Posted: September 17, 2023 at 11:45 am

PPTP-seq development and validation

PPTP-seq uses plasmid to integrate each CRISPRi-based TF perturbation and each promoter activity reporter into one construct. Each plasmid contains a CRISPRi cassette that constitutively expresses a single guide RNA (sgRNA) to repress a specific TF in the genome19 and a promoter-reporter cassette to measure the activity of a specific promoter under the TF-repressed condition (Fig.1a, b). A self-cleaving ribozyme, RiboJ, was inserted between the promoter and the gfp reporter gene to produce invariant mRNA sequences, thus eliminating the interference of different promoter sequences with gfp mRNA stability20.

a Schematic of a regulatory network. Perturbing regulators and the recorded responses of genes are used to infer regulatory interactions. b Reporter plasmids used to quantify promoter activity under CRISPRi-based regulator perturbation. A native promoter was cloned upstream of the gfp gene, and a sgRNA was inserted downstream of a constitutive promoter. c Massively parallel promoter activity measurements for a combinatory library.

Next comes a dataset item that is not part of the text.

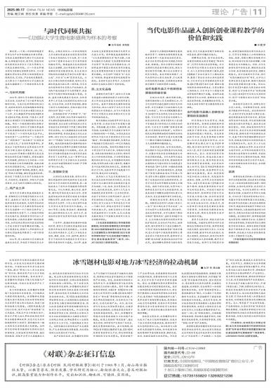 - 当代电影作品融入创新创业课程教学的价值和实践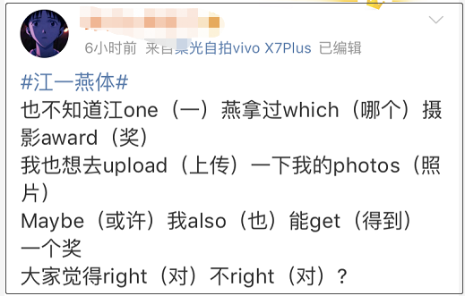 而这个#江一燕体#说白了就是说话中英夹杂的太刻意太做作。

A combinatory library of more than 2.5105 sgRNA-promoter pairs was sorted into 16 bins according to their GFP expression levels. The sgRNA and promoter regions in each bin were sequenced to estimate perturbed promoter activity for each sgRNA-promoter pair. d Sorted promoter activities of all promoters. The gray and red dots respectively represent promoter activities in strains with TF-targeting sgRNAs and negative control sgRNAs. The black line represents sorted median promoter activities across all TFKD conditions. The blue lines indicate 2-fold changes from the median activities. a.u. arbitrary units. Source data are provided as a Source Data file.

To profile genome-wide transcriptional responses for all TFs in E. coli, we constructed a combinatorial plasmid library consisting of both a sgRNA library and a promoter library (Fig.1c). The sgRNA library contains 183 TF-targeting sgRNAs that repress every single known TF gene in the E. coli genome (Supplementary Data1), and contains five non-targeting sgRNAs as negative controls. The promoter library contains 1372 native promoters that cover more than 50% of all operons in E. coli21 (Supplementary Data2). The combinatorial plasmid library was transformed into E. coli strain FR-E01, which carries a dCas9 gene in its chromosome. Transformed cells were first grown in minimal glucose medium to a steady state and sorted into 16 bins based on their fluorescence intensity (Supplementary Fig.1a). More than 20 million cells (including all 16 bins) were sorted in each replicate (Supplementary Fig.1b and Supplementary Data3), and their plasmids were sequenced using the NovaSeq S4 XP Platform, generating an average of 420 million reads from each replicate (Supplementary Fig.1c and Supplementary Data3). To estimate promoter activities under each perturbed TF condition, sequencing read counts across the bins were first converted to cell count distribution for each individual variant, followed by fitting into log-normal distribution by maximum-likelihood estimation22,23,24 (Supplementary Fig.2 and Methods).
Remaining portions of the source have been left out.